In the case where UI elements are expected to update in response to each client state update we can optimise by storing only the most recent operation, and an incrementing integer revision index. Any UI elements managing a cursor also store the most recent revision they have updated to. When the client updates, each UI element will query the client revision, check that it is their own most recent revision + 1, and then transform the cursor using the most recent operation. If a revision is skipped, the cursor is reset to say 0 (this is essentially just a safety check in case the UI does not update on each client revision).

Producing the appropriate client operations is straightforward:

  1. For local operations we can just use them directly - they are already against our local, optimistic state.
  2. For confirmations from the server, the operation is empty - the local state doesn’t change on confirmation.
  3. For remove operations we use the top right transformation in the client-side diagram earlier. This takes us from O0 (the previous optimistic state), to O1 (the new one), as required. This transformation is (p0 ∪ w) ∪ b

For multiple selections, a set of cursors can be used. For range selections we can use a pair of cursors for the first and last selected elements, collapsing this into a single selection if the indices become the same.

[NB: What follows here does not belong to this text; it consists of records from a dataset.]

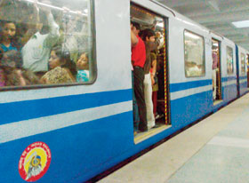 এক দিকে ট্যাক্সি ধর্মঘট, তার উপরে সন্ধ্যার অফিস ফেরত ভিড়। দুইয়ে মিলে যখন মেট্রো যাত্রীদের করুণ অবস্থা, সে সময়ে আচমকাই বন্ধ হয়ে গেল একটি মেট্রোর বাতানুকূল ব্যবস্থা। মঙ্গলবার সন্ধ্যায় ঘটনাটি ঘটেছে কালীঘাট স্টেশনে, কবি সুভাষগামী মেট্রোতে। দমবন্ধ পরিবেশ স্টেশনে ঢোকার আগে থেকেই তৈরি হচ্ছিল। কালীঘাট স্টেশনে মেট্রোটি থামার পরে অবস্থা আরও খারাপ হয়। কর্মীরা এসে মেরামতির চেষ্টা করেন। কিন্তু কাজ না হওয়ায় যাত্রীদের নেমে যেতে বলা হয়। প্রথমে যাত্রীরা নামতে চাননি। বারবার অনুরোধ করার পরে যাত্রীরা নেমে আসেন। এর পরে ওই রেকটিকে কারশেডে পাঠানো হয়। এর জেরে প্রায় ১০ মিনিট মেট্রো চলাচলে বিঘ্ন ঘটে।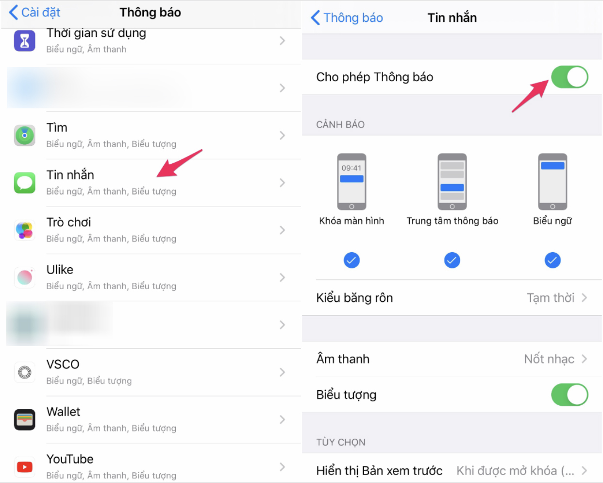 Tại đây, chọn các ứng dụng tin nhắn như iMessage, Telegram, Twitter, Messenger… và chuyển từ Allow Notifications (cho phép thông báo) sang trạng thái Off (tắt).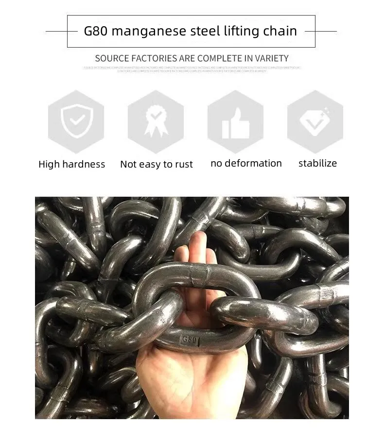 The G80 level lifting chain is an essential lifting device for lifting heavy objects. It is produced by advanced assembly line equipment in Germany, using high-quality alloy steel (manganese steel, etc.) materials, and strictly controlling quality throughout the entire process. Only in this way can the lifting chain meet the international standard of level 80.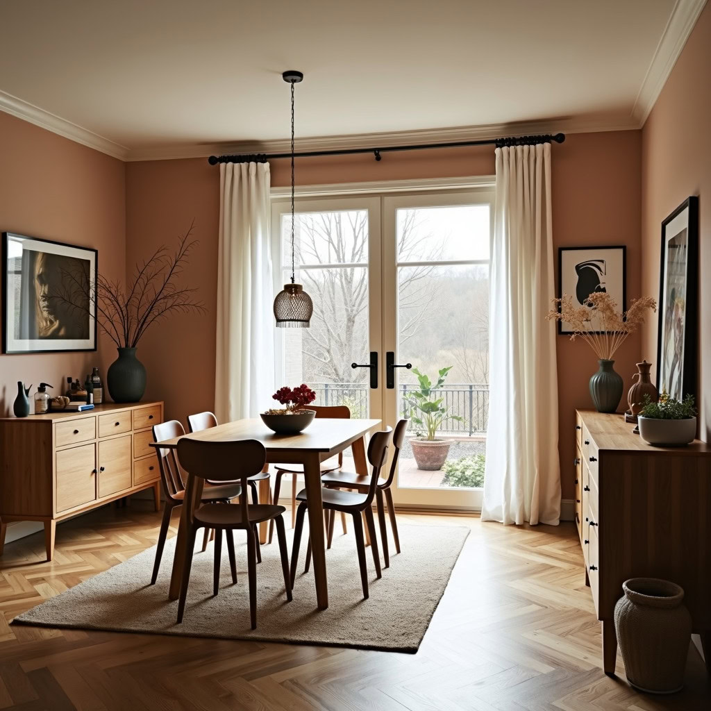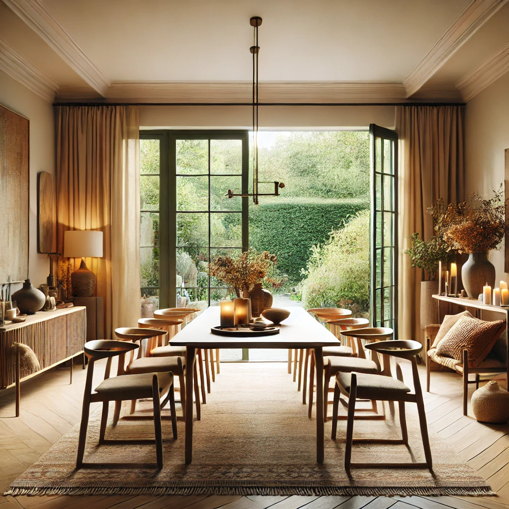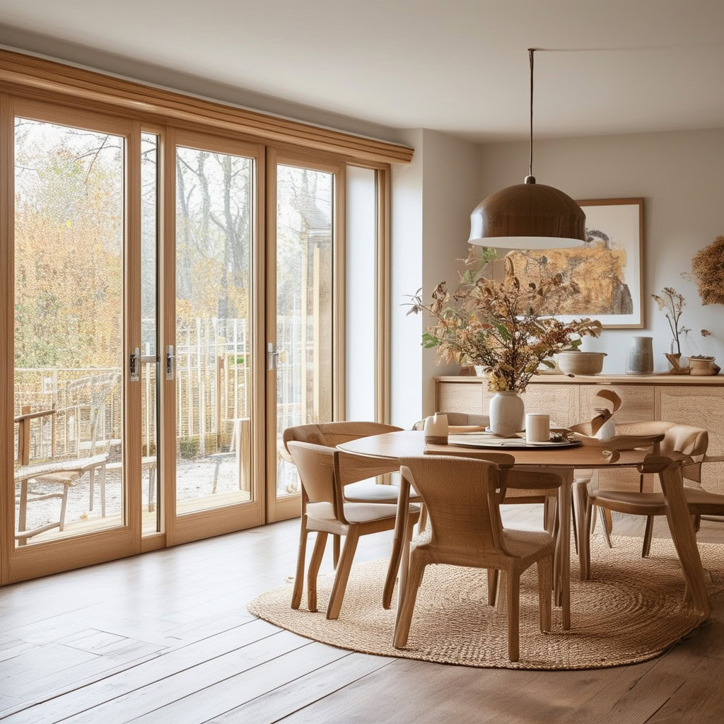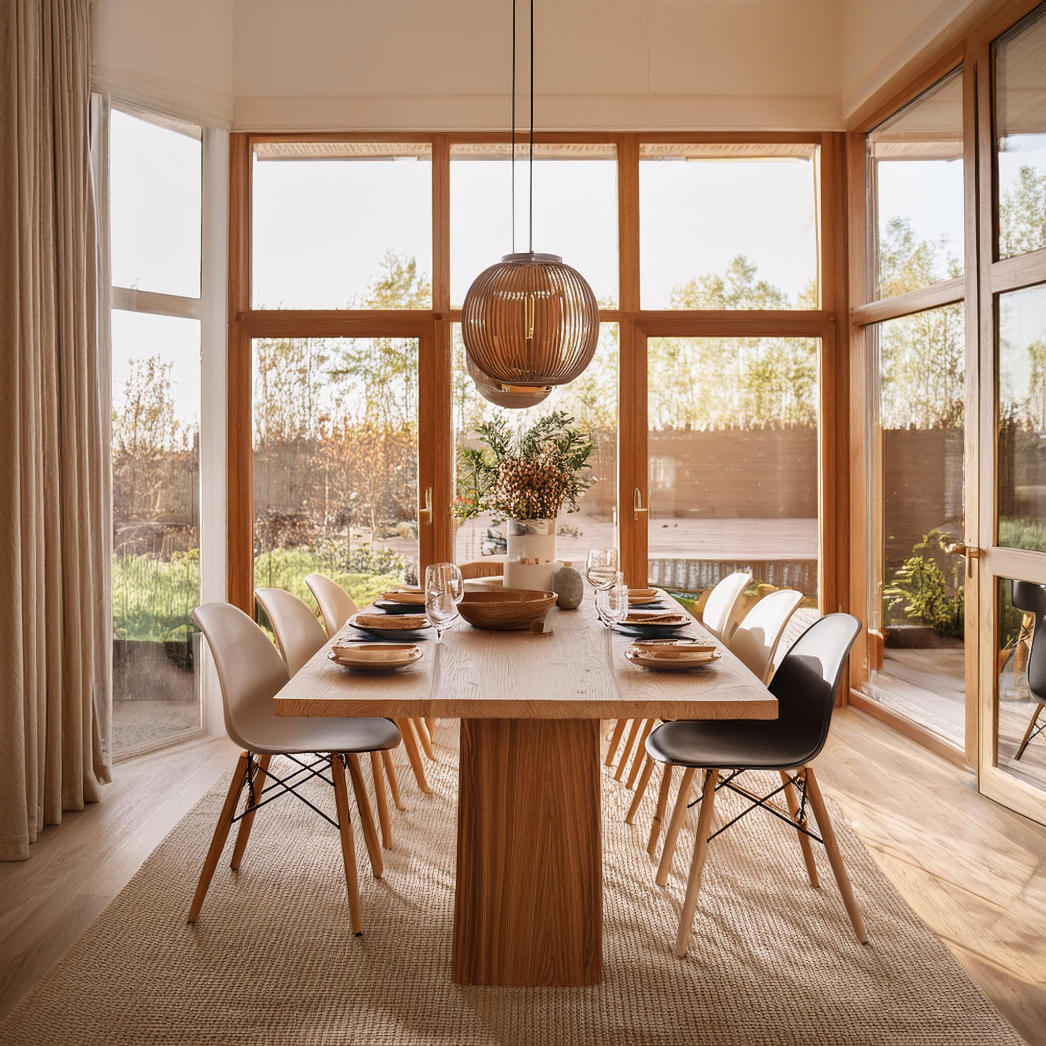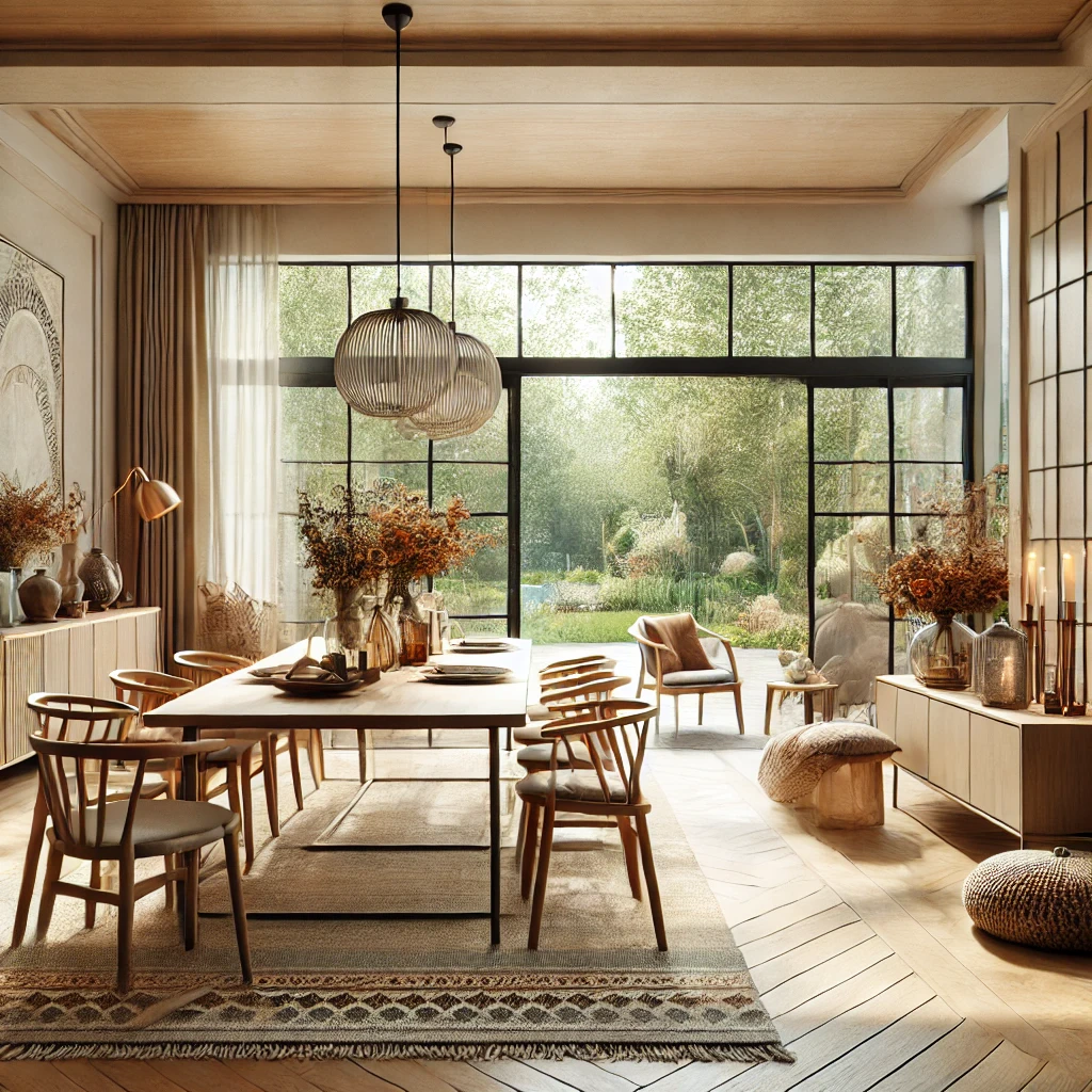 Prompt: photo of a dining room with large doors and modern swedish furniture, decorated in a bright warm and earthy color scheme, hygge style

For selections that can be empty, additional logic can be added to clear the selection when the selected element or range is deleted.

Summary

Given an implementation of the operational transformation itself (the transform function), the approach above should be sufficient to produce a server-client collaborative editing system.

There’s quite a lot more to the implementation - serialisation/deserialisation, representing the client and server states neatly - but the transform function and the tranformations shown are the core of the system, and definitely the “tricky bit” of OT.